The gas turbine engine 10 has an air bleed valve 44 which is connected to the engine and opens into the engine 10 at a location between the compressor outlet 30 and turbine inlet 34. The air bleed valve has a butterfly 46 which is pivotally connected to a housing 48 of the valve 44 and moveable between a first position at which at least a portion of the air flow directed from the compressor portion 12 to the combustor 14 is purged and a second position at which the air flow from the compressor portion 12 is directed towards the combustor 14. A control means 50 moves the air bleed valve between the first and second positions by pivotally moving the butterfly 46 between open and closed positions relative to the housing 48. It should be noted that other types of air bleed valves 44 such as gate valves, spool valves and the like would be suitable substitutes and considered with equivalence.

The control means 50 includes either a linear or rotary actuator. The actuators may be electrical or fluid operated motors of any suitable well-known construction. The actuators are connected to the butterfly 46. The control means 50 includes logic means for pivoting the butterfly 46 towards the open or closed positions and thereby varies the amount of air flow purged from the combustor 14. The control means 50 responds to signals from a controller 58 and causes the linear or rotary actuator to move the butterfly 46 towards the open and closed positions based on the signal received. The control means 50 includes either electro-hydraulic valves connected to the actuator or an electric motor control circuit connected to the electric motor. Such control means 50 are well known in the field and will not be elaborated on in any greater detail.
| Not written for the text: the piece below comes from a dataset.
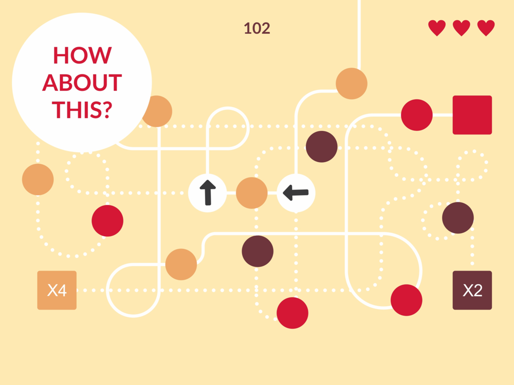 This Way is like a games about trains, but it is very sketchy. It’s like to choose the right path for the train by throwing railroads switch. Circles is your trains and railways is lines (path) leading to the square (the station where train stops). You able control only path direction by tapping arrows button. Warning! This way is game uses your concentration, reaction and reflexes skills.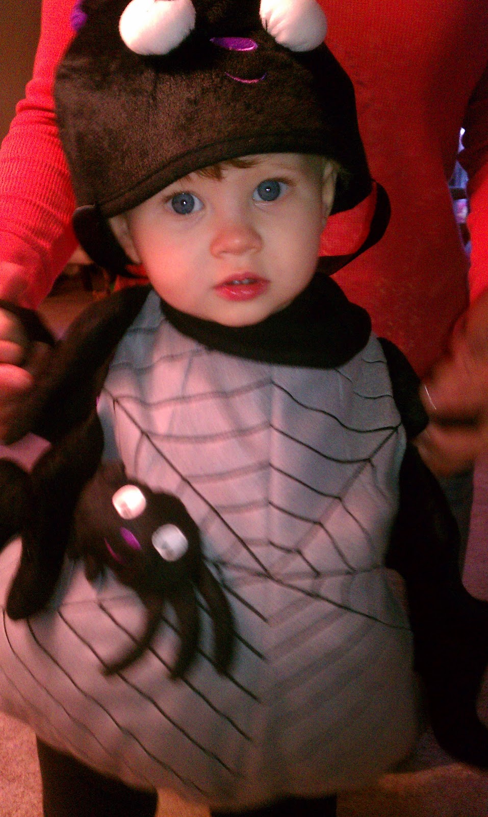 Originally I wanted Madison to be a vampire and me to be her victim (cuz she's sucking the life out of me) but apparently that is "inappropriate" - and honestly I couldn't find a good baby vampire costume. Instead nutterlicious was a fat spider (I am terrified of spiders):

In a single shaft engine, the air bleed valve 44 is replaced by a plurality of variable inlet guide vanes 28. A control means 50', very similar in construction to control means 50, varies the pitch of the inlet guide vanes 28. Control of the position of the inlet guide vanes 28 is achieved in a similar manner as that of the air bleed valve 44. Specifically, the control means 50' includes rotary or linear actuators of either the fluid or electrically operated type. The actuators are connected to the inlet guide vanes 28 via any suitable linkage arrangement. The control means 50' controls either the delivery of electrical energy or fluid flow to the actuators and thereby controls pivotal movement of the inlet guide vanes 28. The control means 50' includes logic means for pivoting the guide vanes 28 towards the open or closed positions and thereby varies the amount of air flow entering the compressor portion 12. The control means 50' responds to signals from controller 58. Such control means 50' are well known in the field and will not be elaborated on in any greater detail.

A first means 52 senses a first temperature at a first location between an outlet of the compressor portion 30 and inlet of the combustor 32 and delivers a responsive first signal. The first means 52, as shown in FIG. 1, includes any one of a plurality of commercially available sensors capable of withstanding temperatures in the range of 500 to 900 degrees F. For example, the first means 52 includes a thermocouple or a radiation pyrometer type sensing device.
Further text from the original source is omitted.